Our results indicate that restrictions in ADLs partly mediate the association between neuropathic symptoms and depression and explain the additional variance in depression scores beyond that explained by neuropathic severity. These findings provide further support for studies demonstrating that depressed affect is at least in part a function of restricted activities (15). Diabetic neuropathy–related changes in social self-perception also were associated with depressive symptoms and in turn reduced the effects of restrictions in ADLs on depression to nonsignificance, suggesting that restrictions in ADLs are associated with depression primarily because they affect social and family role performance. The findings are consistent with those of studies reporting the perceived changes in the social self-concept as a mediator of the relationship between illness severity and depression (16,29).

The limitations of our study are that the observations presented are cross-sectional and cannot resolve issues of causality. For example, it has been shown that depression can have a negative impact on social relationships over time (30), implying that we should regard social relationships as an outcome rather than as a predictor. Similarly, depression may influence the perception and report of diabetic neuropathy symptoms: depressed patients may have more negative evaluations. Both descriptive longitudinal and experimental studies are needed to determine the causal relationships. Additionally, it is important to note that other physiological factors, not assessed in this study, such as interleukin-6, a proinflammatory cytokine, known to be elevated in more severe illness, appear to induce “sickness behavior” and might have therefore accounted for some of the relationship between neuropathic symptoms and depression (31).
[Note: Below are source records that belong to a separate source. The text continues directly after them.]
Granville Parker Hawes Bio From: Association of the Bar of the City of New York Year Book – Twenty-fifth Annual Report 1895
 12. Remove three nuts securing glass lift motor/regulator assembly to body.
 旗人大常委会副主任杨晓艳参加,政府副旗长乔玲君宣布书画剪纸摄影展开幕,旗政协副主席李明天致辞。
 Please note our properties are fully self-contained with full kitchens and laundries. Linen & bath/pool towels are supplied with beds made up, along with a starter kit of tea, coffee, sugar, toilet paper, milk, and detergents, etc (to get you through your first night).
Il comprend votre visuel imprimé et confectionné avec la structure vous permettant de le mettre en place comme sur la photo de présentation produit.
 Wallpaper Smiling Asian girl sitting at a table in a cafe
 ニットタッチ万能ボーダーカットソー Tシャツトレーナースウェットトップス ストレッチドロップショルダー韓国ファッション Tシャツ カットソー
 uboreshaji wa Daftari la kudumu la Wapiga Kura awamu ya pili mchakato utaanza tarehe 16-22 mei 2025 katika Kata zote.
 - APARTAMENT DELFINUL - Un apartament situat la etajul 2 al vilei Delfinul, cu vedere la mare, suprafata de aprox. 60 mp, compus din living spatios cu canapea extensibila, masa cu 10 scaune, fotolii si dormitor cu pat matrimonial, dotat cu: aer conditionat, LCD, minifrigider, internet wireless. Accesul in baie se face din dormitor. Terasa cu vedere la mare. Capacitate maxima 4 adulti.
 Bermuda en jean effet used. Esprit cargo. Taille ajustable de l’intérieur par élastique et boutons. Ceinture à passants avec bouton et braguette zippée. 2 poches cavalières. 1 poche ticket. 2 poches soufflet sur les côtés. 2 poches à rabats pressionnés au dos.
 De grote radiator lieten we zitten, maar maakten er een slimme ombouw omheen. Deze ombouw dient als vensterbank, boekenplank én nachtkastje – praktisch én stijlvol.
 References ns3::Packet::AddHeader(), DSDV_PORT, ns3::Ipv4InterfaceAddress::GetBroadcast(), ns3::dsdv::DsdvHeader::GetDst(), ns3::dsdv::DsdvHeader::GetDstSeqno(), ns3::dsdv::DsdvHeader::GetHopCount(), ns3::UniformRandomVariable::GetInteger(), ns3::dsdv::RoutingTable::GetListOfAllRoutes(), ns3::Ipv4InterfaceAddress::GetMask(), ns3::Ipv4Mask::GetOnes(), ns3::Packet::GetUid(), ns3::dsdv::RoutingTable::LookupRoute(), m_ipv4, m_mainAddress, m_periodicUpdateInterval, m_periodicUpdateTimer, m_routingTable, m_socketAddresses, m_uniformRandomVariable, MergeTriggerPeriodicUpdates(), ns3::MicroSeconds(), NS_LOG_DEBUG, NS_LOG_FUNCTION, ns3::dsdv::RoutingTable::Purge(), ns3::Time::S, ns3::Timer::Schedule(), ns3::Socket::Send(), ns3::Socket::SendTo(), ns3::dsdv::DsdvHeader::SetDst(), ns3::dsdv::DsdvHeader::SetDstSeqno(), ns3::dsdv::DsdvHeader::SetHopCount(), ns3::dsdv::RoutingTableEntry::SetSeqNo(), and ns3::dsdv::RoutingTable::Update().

Our study has several practical implications. First, it establishes that persons suffering from diabetic peripheral neuropathy have an increased risk for depressive symptoms. Second, this report identifies a symptom, unsteadiness, that may represent an important path linking neuropathy to depressive symptoms. Practitioners should therefore actively inquire about unsteadiness when assessing diabetic neuropathy in their patients, especially because there is preliminary evidence that physiotherapy and gait training may help patients to cope with this distressing disability (32). Consideration should also be given to providing such patients with mobility aids to provide increased confidence that they will not fall while walking. Finally, this study defines two possible psychosocial routes linking neuropathy to depressive symptoms (cognitive representation of diabetic neuropathy and diabetic neuropathy–related disruptions in functioning and changes in social-family roles). Thus, it identifies potential targets for interventions to alleviate depressive symptoms in subjects affected by diabetic peripheral neuropathy.